С этими словами Вагнер вынул из кармана небольшой сверток и вручил его Макеру. Но поскольку тот тупо уставился на него, Вагнер добавил:
– Это подарок, откройте.
Макер послушно развернул обертку и обнаружил деревянную музыкальную шкатулку с тонкой рукояткой. На ней было выгравировано: “Лебединое озеро”, финал первого действия.
– Если я когда‐нибудь смогу вам пригодиться, – сказал Вагнер, уходя, – просто заведите ее. И я буду тут как тут.
•
Два месяца спустя, сидя в будуаре, Макер вспоминал свой последний разговор с Вагнером. С того дня у его президентства появился горький привкус. Хмельная радость власти была непоправимо отравлена: а что, если смерть Жан-Бенедикта и Ораса Хансенов была делом рук P-30? А он, хоть и косвенно, тоже причастен к этому чудовищному преступлению? И вот теперь он восседает на кровавом троне. Он не знал, чему верить. Эта история не давала ему покоя. Он не мог больше спать сном праведника. Как будто в чем‐то провинился.
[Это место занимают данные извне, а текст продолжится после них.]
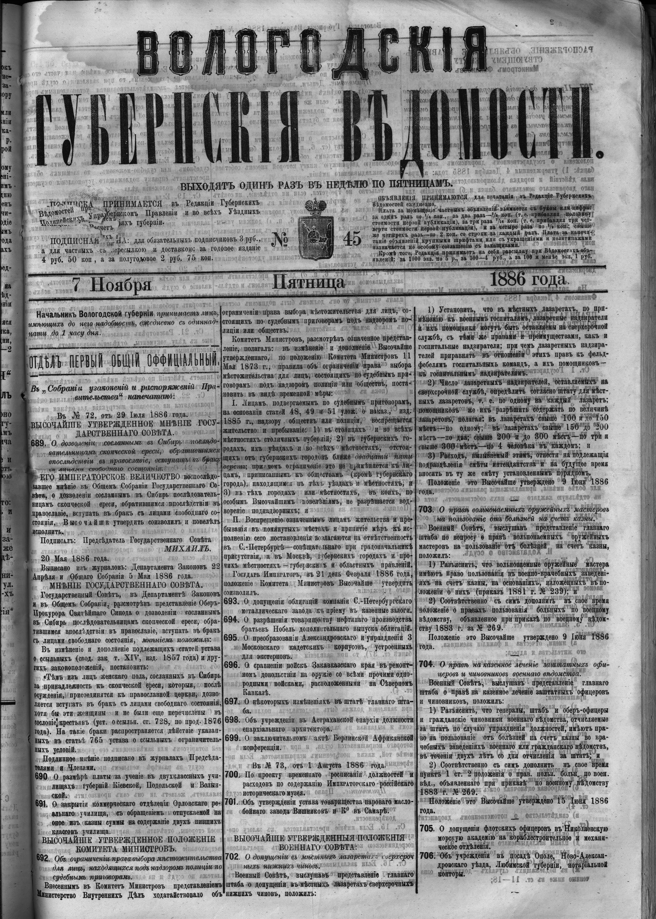 Вологодские губернские ведомости. Газета. 1886 год, №45 страница 0
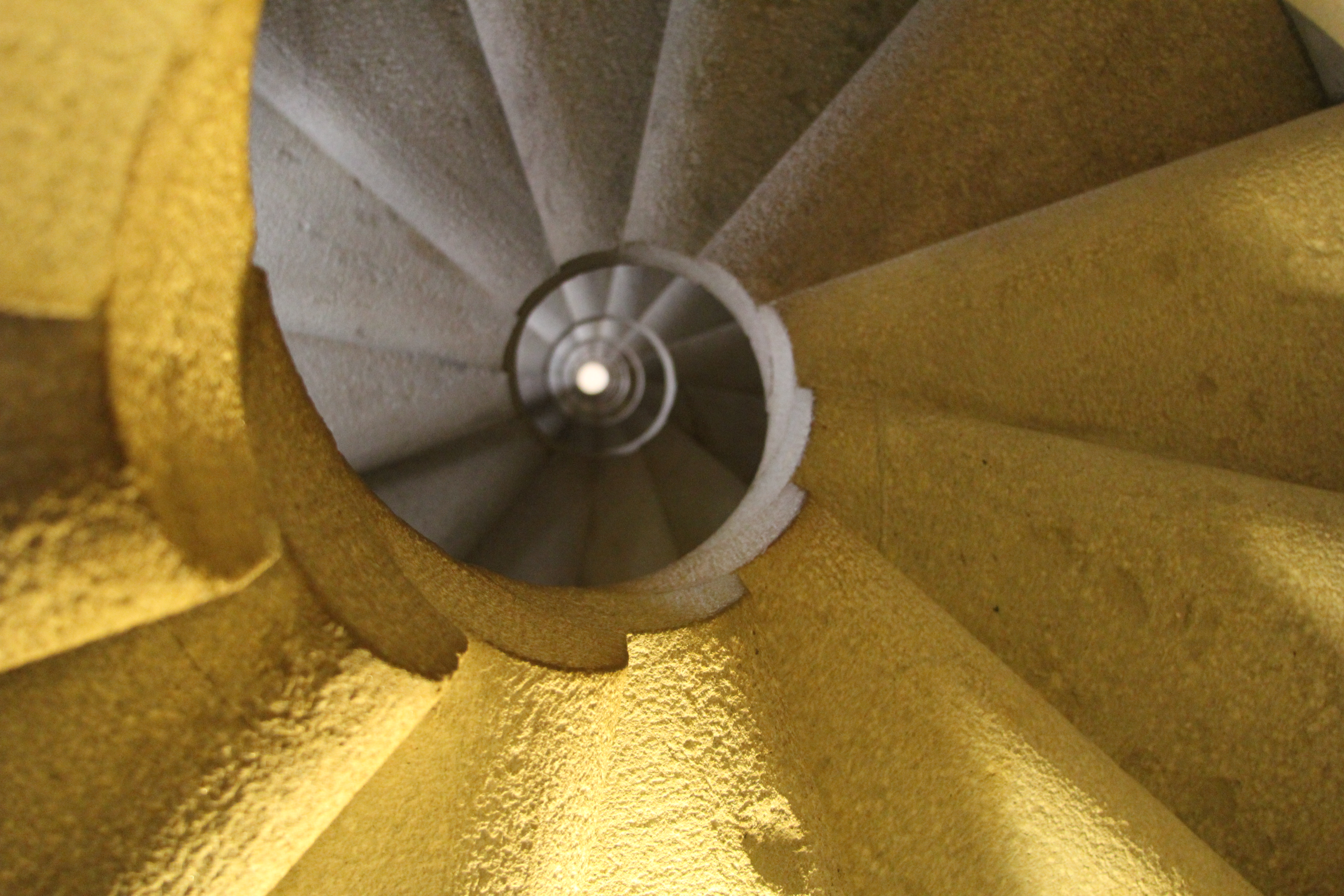 Our tickets included access to the Nativity Towers which can now be ascended in an elevator but require a walk down. 25 years ago when Tawny was here she had to make the walk up the stairs. We nearly had the place to ourselves even though hundreds (if not a thousand people) strolled around the outside and interior below. I was most impressed by the nautilus spiral stair case you have to climb on the way down – Fibonacci’s golden ratio perfectly represented.

Макер вернулся в спальню, переоделся и отправился в банк. Он ужасно опаздывал. Придется придумать оправдание. В 9.30 он выехал за ворота на шоссе Рют. В 9.3 °Cагамор решил, что уже прилично будет заявиться без предупреждения, и позвонил в домофон особняка на улице Гранж, в самом сердце Старого города. Когда лейтенант назвал себя, массивные деревянные ворота открылись, и он вошел во внутренний двор, держа в руке пакет, который специально захватил из своего кабинета.
В глубине двора, у парадного входа, его ожидала прислуга. Предъявив свой жетон, он повторил:
– Лейтенант Сагамор, уголовная полиция. Я хотел бы поговорить с Шарлоттой Хансен.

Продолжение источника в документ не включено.